Continuous flow hygroscopicity-resolved relaxed eddy accumulation (Hy-Res REA) method of measuring size-resolved sodium chloride particle fluxes
Citation:
Meskhidze, N., T. Royalty, B. Phillips, K. Dawson, M. Petters, R. Reed, J. Weinstein, D. Hook, AND R. Wiener. Continuous flow hygroscopicity-resolved relaxed eddy accumulation (Hy-Res REA) method of measuring size-resolved sodium chloride particle fluxes. AEROSOL SCIENCE AND TECHNOLOGY. Taylor & Francis, Inc., Philadelphia, PA, 52(4):433-450, (2018).
Impact/Purpose:
Aerosols play an important role in controlling the Earth’s radiation balance, cloud formation, cloud microphysical properties, biogeochemical cycling of nutrients, tropospheric chemistry and have been increasingly recognized for their adverse effects on air quality and human health. Aerosols arise from both natural sources and anthropogenic activities; therefore, to characterize relevant environmental effects, it becomes increasingly important to accurately quantify both number and mass concentrations of aerosols of different origin.

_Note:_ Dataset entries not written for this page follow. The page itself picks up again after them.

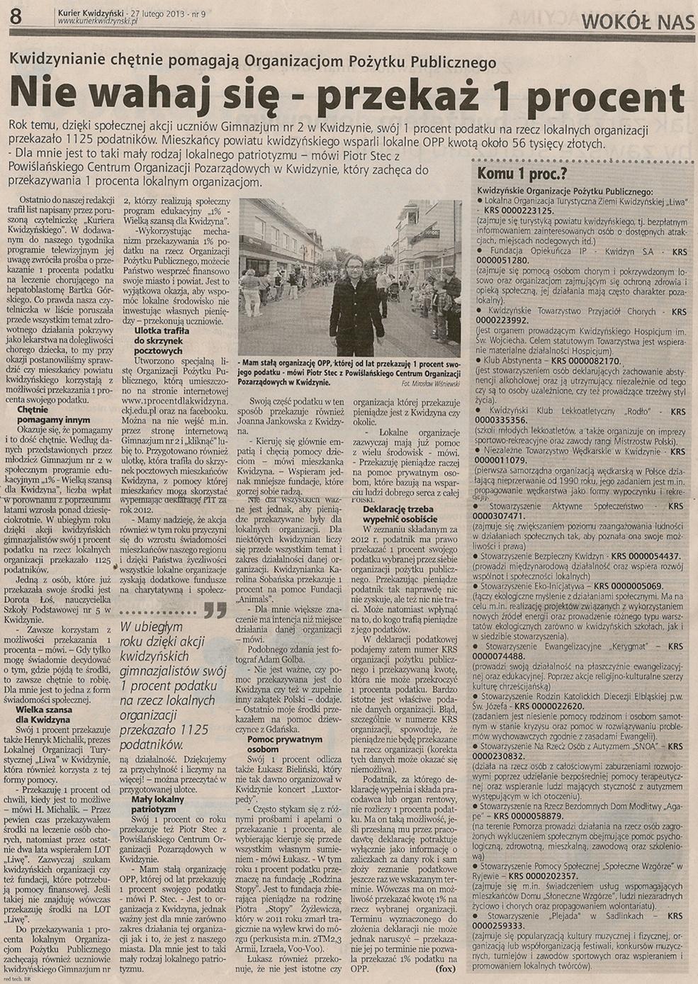 Nie wahaj się - przekaż 1 procent - 27 lutego 2013r. - Kurier Kwidzyński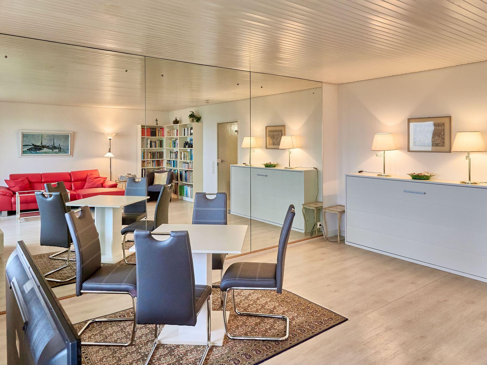 Die moderne Einrichtung mit Fußbodenheizung, großer Spiegelwand, heller Holzdecke sowie der große Wohnraum verleihen der Wohnung ihren besonderen Charme.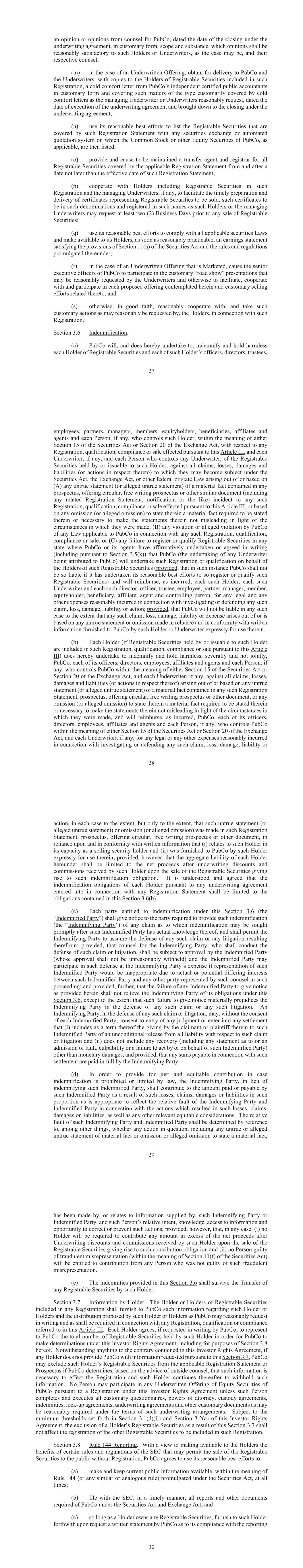 an opinion or opinions from counsel for PubCo, dated the date of the closing under the underwriting agreement, in customary form, scope and substance, which opinions shall be reasonably satisfactory to such Holders or Underwriters, as the case may be, and their respective counsel; (m) in the case of an Underwritten Offering, obtain for delivery to PubCo and the Underwriters, with copies to the Holders of Registrable Securities included in such Registration, a cold comfort letter from PubCo’s independent certified public accountants in customary form and covering such matters of the type customarily covered by cold comfort letters as the managing Underwriter or Underwriters reasonably request, dated the date of execution of the underwriting agreement and brought down to the closing under the underwriting agreement; (n) use its reasonable best efforts to list the Registrable Securities that are covered by such Registration Statement with any securities exchange or automated quotation system on which the Common Stock or other Equity Securities of PubCo, as applicable, are then listed; (o) provide and cause to be maintained a transfer agent and registrar for all Registrable Securities covered by the applicable Registration Statement from and after a date not later than the effective date of such Registration Statement; (p) cooperate with Holders including Registrable Securities in such Registration and the managing Underwriters, if any, to facilitate the timely preparation and delivery of certificates representing Registrable Securities to be sold, such certificates to be in such denominations and registered in such names as such Holders or the managing U Securities; (q) use its reasonable best efforts to comply with all applicable securities Laws and make available to its Holders, as soon as reasonably practicable, an earnings statement ions promulgated thereunder; (r) in the case of an Underwritten Offering that is Marketed, cause the senior executive officers of PubCo to participate in the customary “road show” presentations that may be reasonably requested by the Underwriters and otherwise to facilitate, cooperate with and participate in each proposed offering contemplated herein and customary selling efforts related thereto; and (s) otherwise, in good faith, reasonably cooperate with, and take such customary actions as may reasonably be requested by, the Holders, in connection with such Registration. Indemnification. (a) PubCo will, and does hereby undertake to, indemnify and hold harmless each Holder of Registrable Securities and each of such Holder’s officers, directors, trustees, employees, partners, managers, members, equityholders, beneficiaries, affiliates and agents and each Person, if any, who controls such Holder, within the meaning of either any Registration, qualification, compliance or sale effected pursuant to this Article III, and each Underwriter, if any, and each Person who controls any Underwriter, of the Registrable Securities held by or issuable to such Holder, against all claims, losses, damages and liabilities (or actions in respect thereto) to which they may become subject under the Securities Act, the Exchange Act, or other federal or state Law arising out of or based on (A) any untrue statement (or alleged untrue statement) of a material fact contained in any prospectus, offering circular, free writing prospectus or other similar document (including any related Registration Statement, notification, or the like) incident to any such Registration, qualification, compliance or sale effected pursuant to this Article III, or based on any omission (or alleged omission) to state therein a material fact required to be stated therein or necessary to make the statements therein not misleading in light of the circumstances in which they were made, (B) any violation or alleged violation by PubCo of any Law applicable to PubCo in connection with any such Registration, qualification, compliance or sale, or (C) any failure to register or qualify Registrable Securities in any state where PubCo or its agents have affirmatively undertaken or agreed in writing (including pursuant to ) that PubCo (the undertaking of any Underwriter being attributed to PubCo) will undertake such Registration or qualification on behalf of the Holders of such Registrable Securities (provided, that in such instance PubCo shall not be so liable if it has undertaken its reasonable best efforts to so register or qualify such Registrable Securities) and will reimburse, as incurred, each such Holder, each such Underwriter and each such director, officer, trustee, employee, partner, manager, member, equityholder, beneficiary, affiliate, agent and controlling person, for any legal and any other expenses reasonably incurred in connection with investigating or defending any such claim, loss, damage, liability or action; provided, that PubCo will not be liable in any such case to the extent that any such claim, loss, damage, liability or expense arises out of or is based on any untrue statement or omission made in reliance and in conformity with written information furnished to PubCo by such Holder or Underwriter expressly for use therein. (b) Each Holder (if Registrable Securities held by or issuable to such Holder are included in such Registration, qualification, compliance or sale pursuant to this Article III) does hereby undertake to indemnify and hold harmless, severally and not jointly, PubCo, each of its officers, directors, employees, affiliates and agents and each Person, if any, who controls PubCo and each Underwriter, if any, against all claims, losses, damages and liabilities (or actions in respect thereof) arising out of or based on any untrue statement (or alleged untrue statement) of a material fact contained in any such Registration Statement, prospectus, offering circular, free writing prospectus or other document, or any omission (or alleged omission) to state therein a material fact req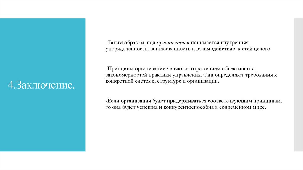 -Таким образом, под организацией понимается внутренняяупорядоченность, согласованность и взаимодействие частей целого.

Moreover, the characterization of both emission and deposition fluxes of aerosols is important for understanding the life cycle of aerosols and their potential to contribute to the Earth’s energy balance.
Description:
The accurate representation of aerosols in climate models requires direct ambient measurement of the size- and composition-dependent particle production fluxes. Here, we present the design, testing, and analysis of data collected through the first instrument capable of measuring hygroscopicity-based, size-resolved particle fluxes using a continuous-flow Hygroscopicity-Resolved Relaxed Eddy Accumulation (Hy-Res REA) technique. The Hy-Res REA system used in this study includes a 3D sonic anemometer, two fast-response solenoid valves, two condensation particle counters, a scanning mobility particle sizer, and a hygroscopicity tandem differential mobility analyzer. The different components of the instrument were tested inside the US Environmental Protection Agency's Aerosol Test Facility for sodium chloride and ammonium sulfate particle fluxes. The new REA system design does not require particle accumulation, and therefore avoids the diffusional wall losses associated with long residence times of particles inside the air collectors of traditional REA devices. A linear relationship was found between the sodium chloride particle fluxes measured by eddy covariance and REA techniques. The particle detection limit of the Hy-Res REA flux system is estimated to be ∼3 × 105 m−2 s−1. The estimated sodium chloride particle classification limit, for the mixture of sodium chloride and ammonium sulfate particles of comparable concentrations, is ∼6 × 106 m−2 s−1.